Task item: The records below must be reproduced exactly. Strip out the pictures.

%%

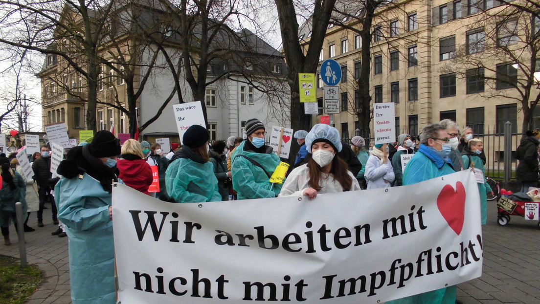 Ein Protestzug der Ärzte und Pfleger in Düsseldorf im Februar 2022 gegen die Impfpflicht im medizinischen Bereich
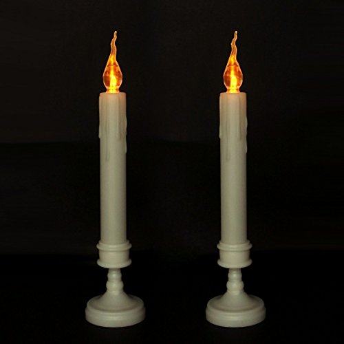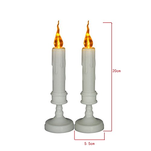 LEDウィンドウキャンドルちらつきフレームレスキャンドルテーパキャンドルスティックwith Holdeアイボリーホワイトのセット2電池式(含まHome Office Spaクラブカフェの装飾、ロマンチック取り外し可能ベース( white-7.9in ) 03
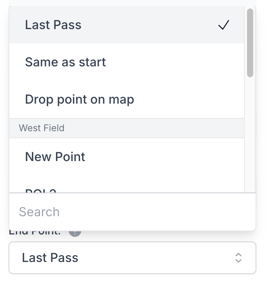 The "Last Pass" option will be selected by default when creating a new mission, unless an existing default end point has already been configured for the field. Learn more about default end points
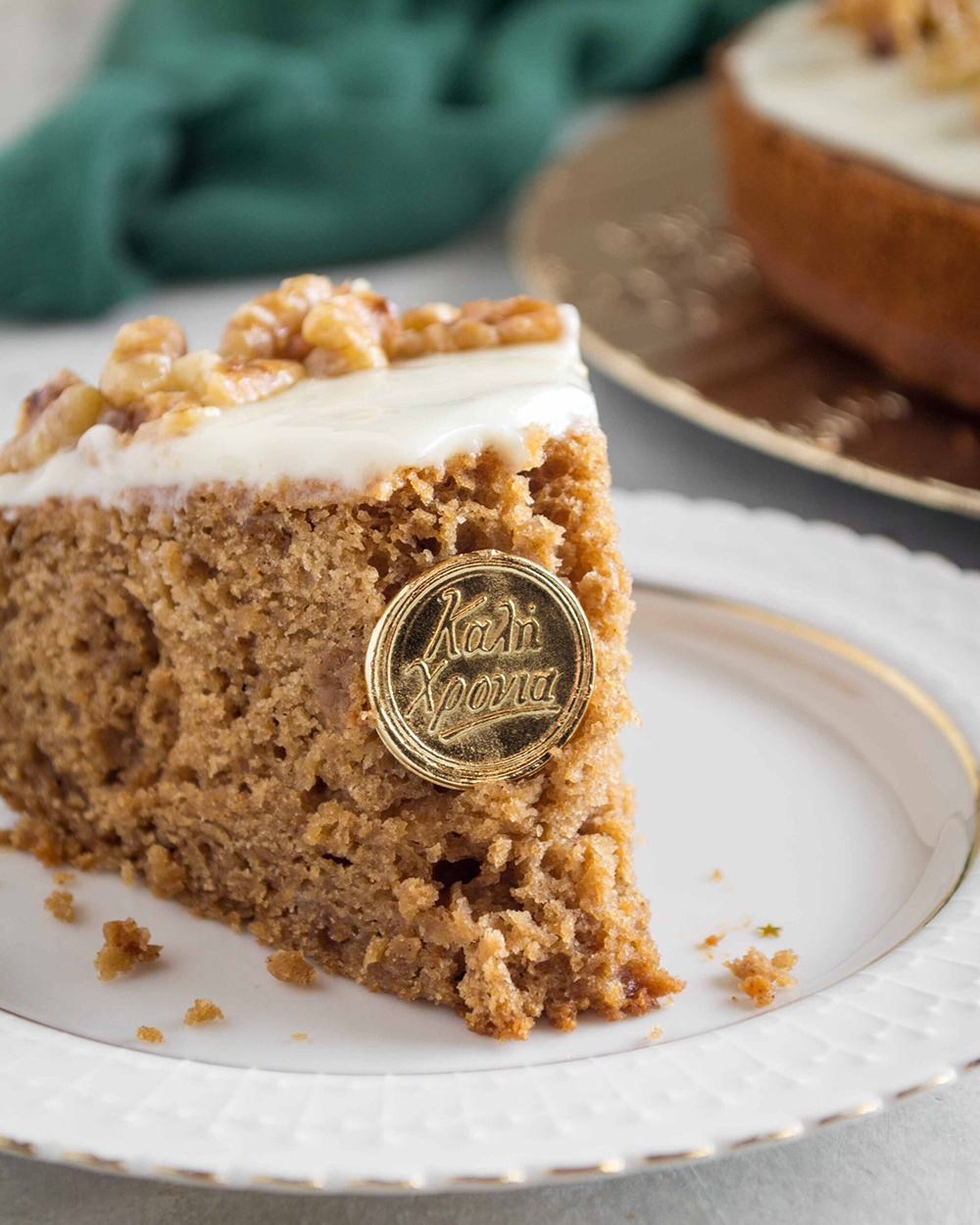 Φανταστική, αρωματική και αφράτη βασιλόπιτα κέικ με μήλο, καρύδια και απίθανη επικάλυψη κρέμας τυριού. Είναι πανεύκολη, γρήγορη και τόσο συγκλονιστικά νόστιμη που θα κλέψει τις εντυπώσεις στο εορταστικό τραπέζι.
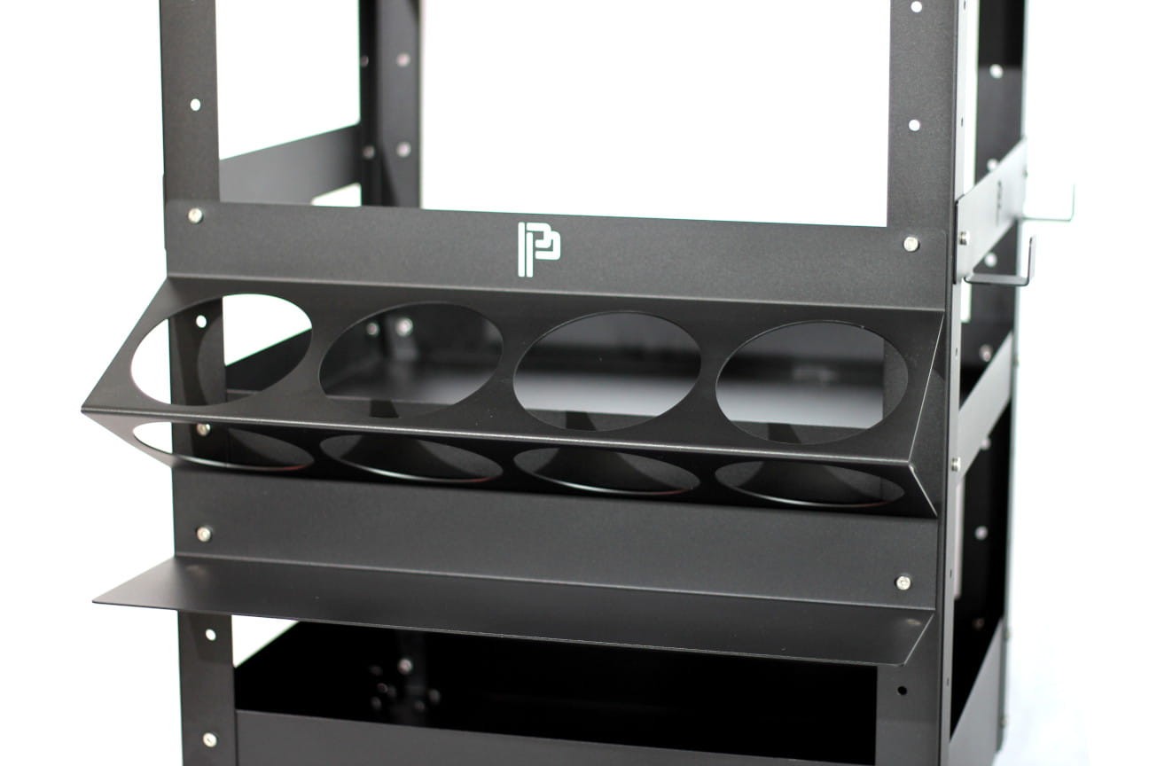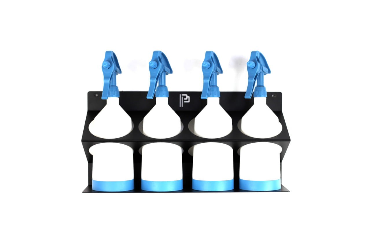 Poka Premium Bottle Holder Up to 1,5 l je profesionální držák lahví přizpůsobený jak pro upevnění na zeď, tak i k detailingovým vozíkům tohoto výrobce. Držák lahví je přizpůsoben pro skladování až 4 kusů lahví o objemu do 1,5 l. Svou konstrukcí je perfektní nejen pro fixní upevnění na zeď, ale také jako modulární díl pro rozšíření funkčnosti detailingových vozíků Poka Premium (v tomto případě je možné využít modulární nohy s mnoha otvory). Díky čtyřem upevňovacím otvorům je držák odolný i vůči těžkým lahvím s lešticími pastami. Je vyroben z vysoce kvalitní, přesně řezané a ohnuté oceli, která je lakována práškovou povrchovou úpravou pro co největší odolnost proti oxidaci.

%%

Answer to this problem:
 Ein Protestzug der Ärzte und Pfleger in Düsseldorf im Februar 2022 gegen die Impfpflicht im medizinischen Bereich
 LEDウィンドウキャンドルちらつきフレームレスキャンドルテーパキャンドルスティックwith Holdeアイボリーホワイトのセット2電池式(含まHome Office Spaクラブカフェの装飾、ロマンチック取り外し可能ベース( white-7.9in ) 03
 The "Last Pass" option will be selected by default when creating a new mission, unless an existing default end point has already been configured for the field. Learn more about default end points
 Φανταστική, αρωματική και αφράτη βασιλόπιτα κέικ με μήλο, καρύδια και απίθανη επικάλυψη κρέμας τυριού. Είναι πανεύκολη, γρήγορη και τόσο συγκλονιστικά νόστιμη που θα κλέψει τις εντυπώσεις στο εορταστικό τραπέζι.
 Poka Premium Bottle Holder Up to 1,5 l je profesionální držák lahví přizpůsobený jak pro upevnění na zeď, tak i k detailingovým vozíkům tohoto výrobce. Držák lahví je přizpůsoben pro skladování až 4 kusů lahví o objemu do 1,5 l. Svou konstrukcí je perfektní nejen pro fixní upevnění na zeď, ale také jako modulární díl pro rozšíření funkčnosti detailingových vozíků Poka Premium (v tomto případě je možné využít modulární nohy s mnoha otvory). Díky čtyřem upevňovacím otvorům je držák odolný i vůči těžkým lahvím s lešticími pastami. Je vyroben z vysoce kvalitní, přesně řezané a ohnuté oceli, která je lakována práškovou povrchovou úpravou pro co největší odolnost proti oxidaci.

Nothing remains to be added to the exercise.